If the weekly AF attacks were a monkey on my back, that last 3-1/2 week AF episode felt like a gorilla. Needless to say it got Melinda and I talking about what to do next. The groovy cartoonish AF brochure they gave me in the hospital described an "ablation" procedure that might offer some relief. This procedure involved inserting catheters through leg veins into the heart and then using RF or other energy to burn the offending areas inside the heart. The grand cure-all procedure described in the brochure was an AV node ablation along with implanting a pacemaker. Remember the AV node is kind of a key part of the heart's own electrical system so burning it into oblivion would explain the need for a pacemaker. I'm sorry but all the happy silly cartoon characters in the world are not going to make me ready for this extreme.

That initial (and incorrect) impression of AF ablation procedures has stuck with me. It wasn't until it seemed like all else had failed that we started researching more seriously. Thankfully their was far more accurate and hopeful information available.

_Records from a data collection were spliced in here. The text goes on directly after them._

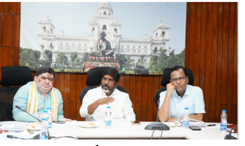
అందించామని, ఉద్యోగాలు రానటువంటి యువత వారి కాళ్ళ మీద వారు ఆర్థికంగా నిలబడటానికి రాజీవ్ యువ వికాస పథకం ద్వారా స్వయం ఉపాధి పథకాలు అందించాలని తీసుకున్న నిర్ణయాన్ని క్షేత్రస్థాయిలో విజయవంతంగా అమలు చేయడానికి అధికారులు

ఇందిరమ్మ రాజ్యంలోని ప్రజా ప్రభుత్వం ప్రతిష్టాత్మకంగా అమలు చేస్తున్న రాజీవ్ యువ వికాస పథకం ద్వారా యువత జీవితాల్లో మార్పు తీసుకురావడం కోసం అధికారులు అంకితభావంతో పని చేయాలని రాష్ట్ర ఉప ముఖ్యమంత్రి భట్టి విక్రమార్క నిర్దేశించారు. శనివారం అసెంబ్లీ కమిటీ హాల్ లో బీసీ సంక్షేమ శాఖ మంత్రి పొన్నం ప్రభాకర్ తో కలిసి రాజీవ్ యువ వికాస పథకం అమలు గురించి సంబంధిత అధికారులతో సమీక్ష సమావేశం నిర్వహించారు. రాష్ట్రంలో ప్రజా ప్రభుత్వం అధికారంలోకి వచ్చిన తర్వాత సుమారు 59 వేల మంది పైగా ఉద్యోగ నియామక పత్రాలు
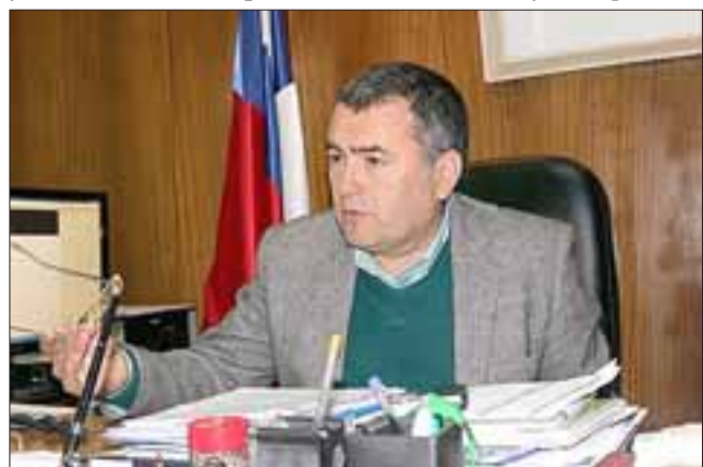
El gobernador, Eduardo León, hizo un llamado a tener una mirada de inclusión con los inmigrantes, principalmente haitianos, que han comenzado a llegar a la zona y a denunciar cualquier situación que revista una vulneración de sus derechos.
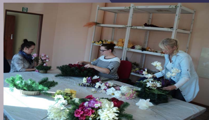
Pracownie rękodziela artystycznego
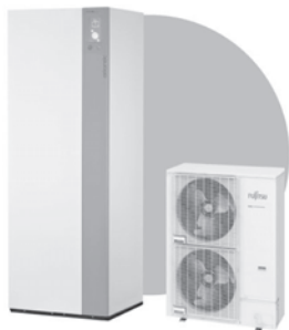
Alféa Excellia Duo A.I. Pompe à chaleur
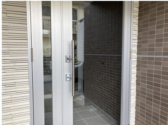
エントランスガラス
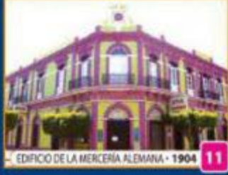
EDIFICIO DE LA MERCERÍA ALEMANA • 1904 11

The now current standard for AF ablation focuses on isolating the pulmonary veins. It was discovered in 1998 that the majority of the stray electrical signals that trigger an AF episode originate in the pulmonary veins. This approach leaves the normal electrical system of the heart intact which, to me, is very desirable.

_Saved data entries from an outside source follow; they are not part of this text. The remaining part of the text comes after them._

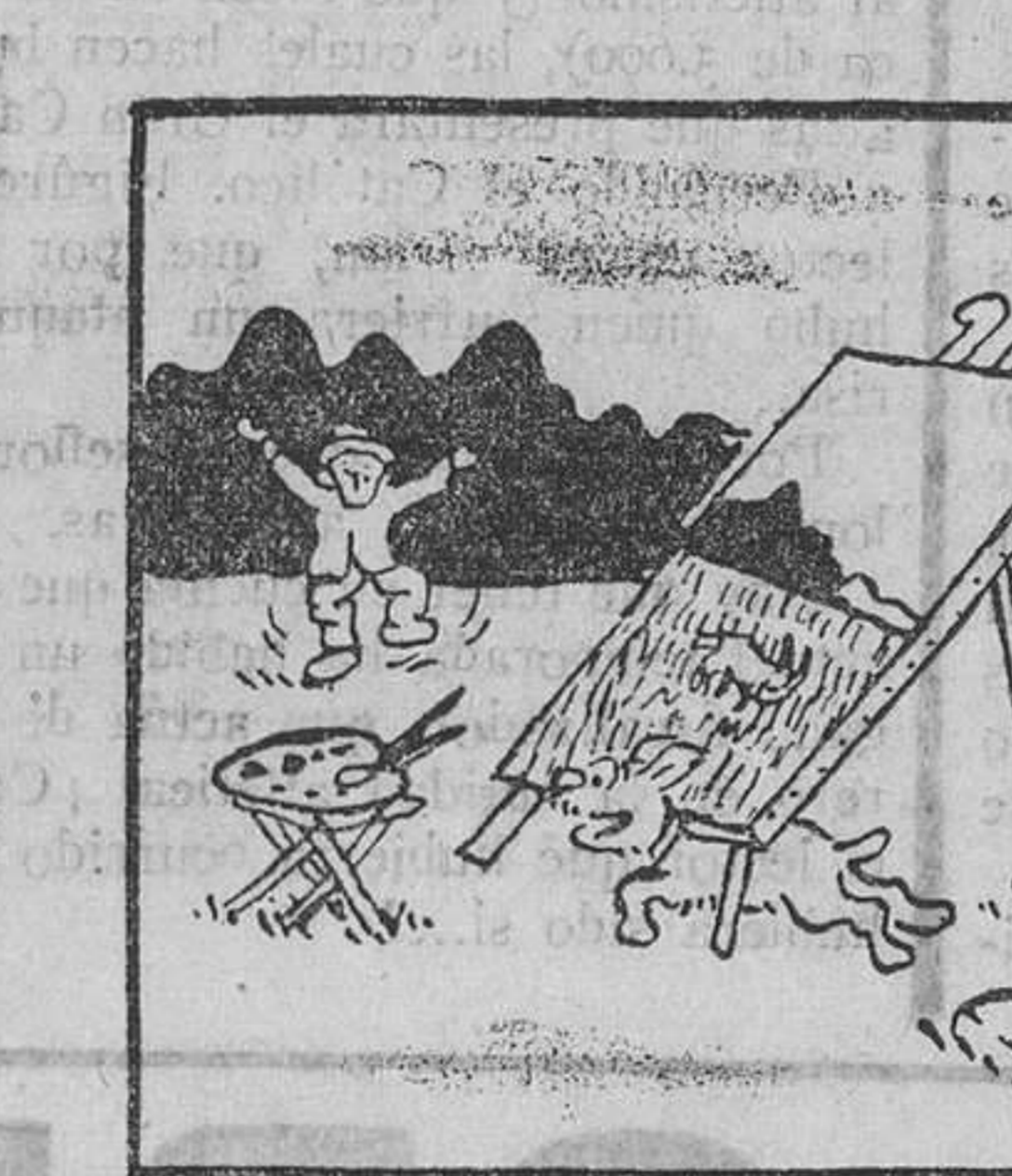
4. le ladraba furiosamente a la cabra, que, no pudiendo soportar la
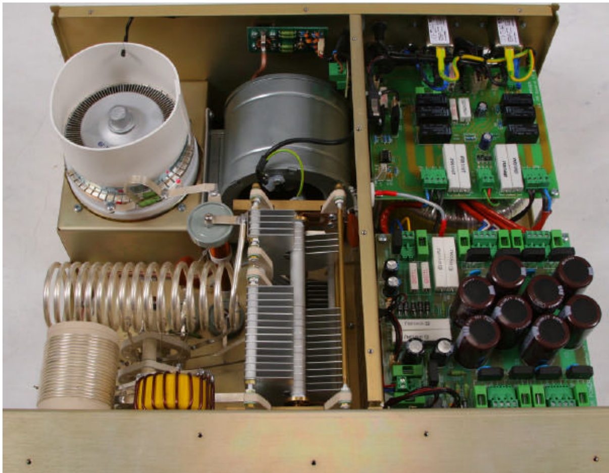
Vista da sopra ad amplificatore aperto
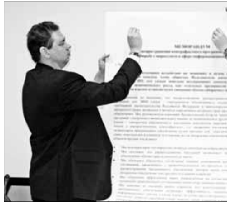
Центры занятости готовы помочь будущим предпринимателям на старте бизнеса.

Решение о выделении денег на открытие дела принимает комиссия, в состав которой входят специалисты Центра занятости, представители мэрии Архангельска и администрации Приморского района. После этого, если комиссия одобрит бизнес-идею, на счет гражданина будет перечислено 58 800 рублей. За их расход впоследствии он должен будет отчитаться. Одно из ключевых условий программы - гражданин, получивший финансовую по-
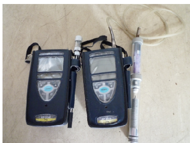
携帯型ガス検知器
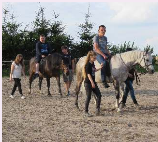
Zajęcia z hipoterapii
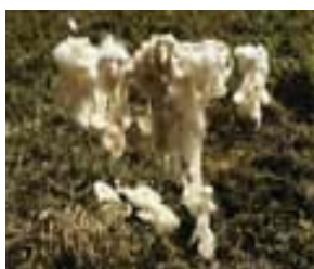
Lã em estado bruto

Pensamento falante como atravessamento de discursos como práticas que produzem determinados modos de ser e estar aluna e professora. Pensamento como sentidos que muitas vezes não conseguimos compreender. São experiências que acontecem e contribuem para que nos tornemos aquilo que estamos sendo. Entre as diversas passagens de fios tramados à urdidura esteve o da necessidade de conversar comigo mesma, no sentido de remontar lembranças dos tempos vividos na escola pública e as relações que se estabeleceram entre diferentes crianças. Estas lembranças referem-se às experiências escolares vividas que deram início ao processo de cardar e fiar em que, mesmo sem muita problematização, produziu os primeiros dos muitos fios a serem urdidados e tramados.

A Pulmonary Vein Isolation (PVI) is a more complicated procedure compared to other ablation procedures for simpler and more defined arrhythmias. Part of this is because the pulmonary veins are located in the left atrium. Feeding catheters up from the leg veins leads to the right atrium so a needle is used to make a small hole between the right and left atria in the wall (septum) separating the two chambers (called a trans-septal puncture). The goal is to ablate (burn) lines around each of the pulmonary veins (typically 4 of them) one dot at a time. There is not much room to work - the left atrium is about 2" in diameter and the pulmonary veins are about a half inch diameter. PVI procedures can last 3 to 4 hours or longer.

A lot of what I read mentioned that the outcome of a PVI is highly operator (doctor) dependent. I guess this is understandable based on the complexity involved. There seemed to be a handful of doctors that were at the forefront for successful ablations. One name, Dr. Andrea Natale, was at the top of the list for doctors in the U.S. He had been practicing at the Cleveland Clinic but, because of his success rate, the backlog to see him was 18+ months. I had already decided if I was ever ready for an ablation he would be the doctor I would want to do it but a year and a half is a long time to wait. To our surprise, the very day we decided to pursue an ablation, Dr. Natale announced that after leaving the Cleveland Clinic, he was now practicing in the San Francisco area. What an amazing coincidence.

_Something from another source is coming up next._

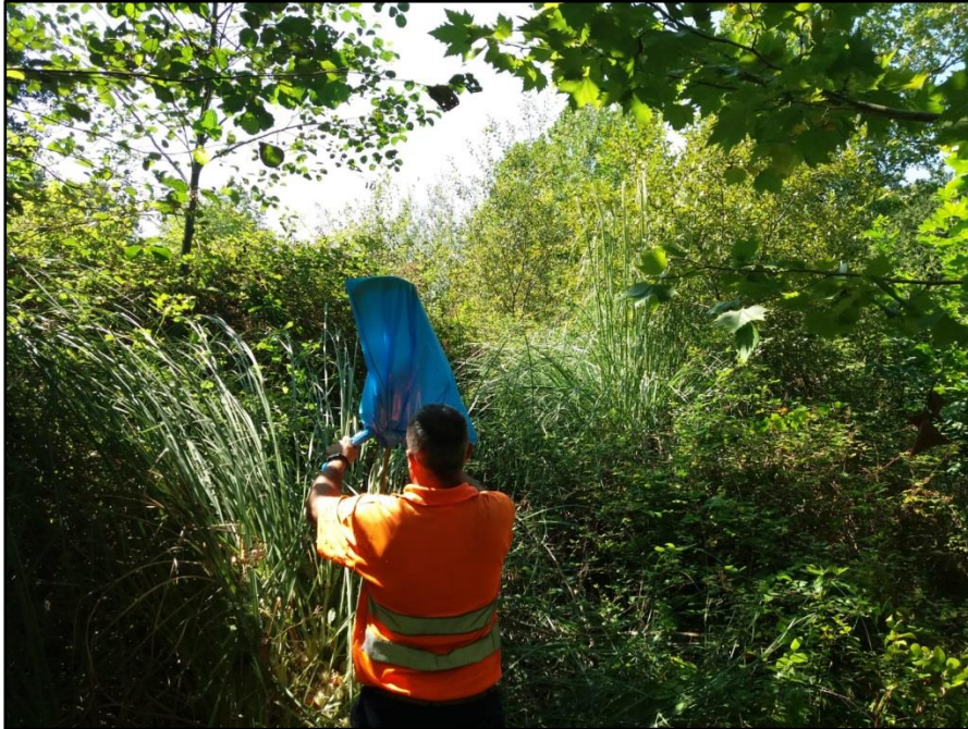
Retirada inicial de flora invasora en el ámbito de la actuación ( Cortaderia selloana )
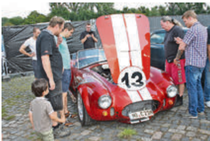
Diese Cobra hat was unter der Haube!

Dr. Natale actually makes himself available via e-mail so I began e-mailing him about my case. He felt my chances for a cure from AF where quite high given my age and that my AF had not yet progressed to chronic or permanent AF. Because of his recent move to California, his backlog was now only 6 weeks! Melinda and I discussed this over the course of a weekend and decided this was my best chance to find relief from AF and hopefully be able to get rid of all the heart meds with all the wonderful side effects. I expect I will still need something for blood pressure but some people have also seen their BP drop after an ablation.

Dr. Natale is currently seeing a 80% success rate for a single ablation procedure, and approaching 95% with a second procedure. The two local EP doctors I have seen since our decision didn't seem to like Dr. Natale (one doc even brought up his name before I said anything). When I asked them why the only thing they could offer was that the success rates that Dr. Natale quotes are too high - they seemed to think 60-70% was more realistic. I guess this is as good a reason as any to dislike someone. Inflated success rates or not, I wanted to go to Dr. Natale because he has done thousands of ablations compared to less than 100 for the local doc. A newsletter I subscribe to just published results of a survey of ablation outcomes. Dr. Natale, or the procedure he has developed (a variation of a standard PVI called a PVAI), had the highest success rates. All of this has confirmed our decision.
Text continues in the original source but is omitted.